I don't mind so much the size in MB, the fact that it's pure CPU and the quality...

Dayshine · 2025-08-06T07:03:27 1754463807

Nvidia's parakeet https://huggingface.co/nvidia/parakeet-tdt-0.6b-v2 appears to be state of the art for english: 10x faster than Whisper.

My mid-range AMD CPU is multiple times faster than realtime with parakeet.

colechristensen · 2025-08-06T06:07:22 1754460442

>Aside: Are there any models for understanding voice to text, fully offline, without training?

OpenAI's whisper is a few years old and pretty solid.

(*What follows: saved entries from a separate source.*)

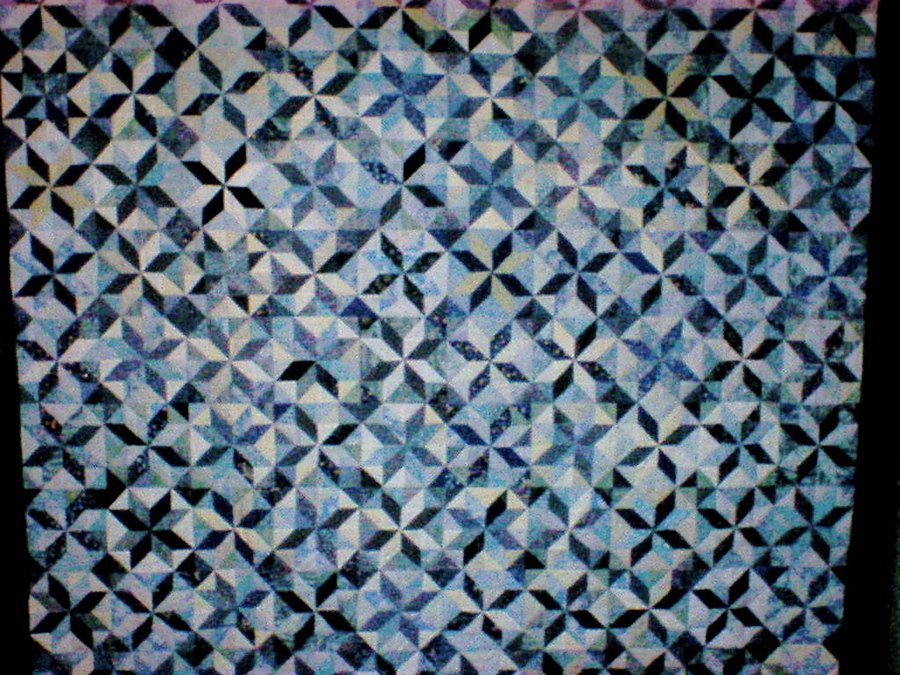 Nerak Winter Stars - I collected 'blue winter' fabrics for several years before starting on this, my first 'large' quilt not from a pattern. It is my 'January' quilt for the wall gallery in my dining room.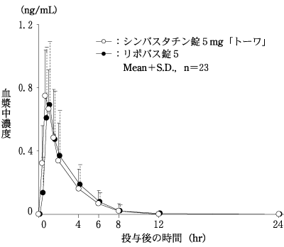 *シンバスタチン錠5mg「トーワ」とリポバス錠5を、クロスオーバー法によりそれぞれ1錠(シンバスタチンとして5mg)健康成人男子に絶食単回経口投与して血漿中未変化体濃度を測定し、得られた薬物動態パラメータ(AUC、Cmax)について90%信頼区間法にて統計解析を行った結果、log(0.80)~log(1.25)の範囲内であり、両剤の生物学的同等性が確認された。4)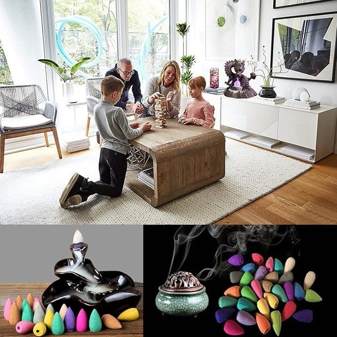 - مصنوع من قطع بخور طبيعية بانسياب دخان عكسي بشكل شلال.

https://github.com/openai/whisper

Hackbraten · 2025-08-06T18:33:44 1754505224

Whisper tends to fill silence with random garbage from its training set. [0] [1] [2]

[0]: https://github.com/openai/whisper/discussions/679 [1]: https://github.com/openai/whisper/discussions/928 [2]: https://github.com/openai/whisper/discussions/2608

jiehong · 2025-08-06T06:39:33 1754462373

Voice to text fully offline can be done with whisper. A few apps offer it for dictation or transcription.

blensor · 2025-08-06T05:46:22 1754459182

"The brown fox jumps over the lazy dog.."

Average duration per generation: 1.28 seconds

Characters processed per second: 30.35

--

"Um"

Average duration per generation: 0.22 seconds

Characters processed per second: 9.23

--

"The brown fox jumps over the lazy dog.. The brown fox jumps over the lazy dog.."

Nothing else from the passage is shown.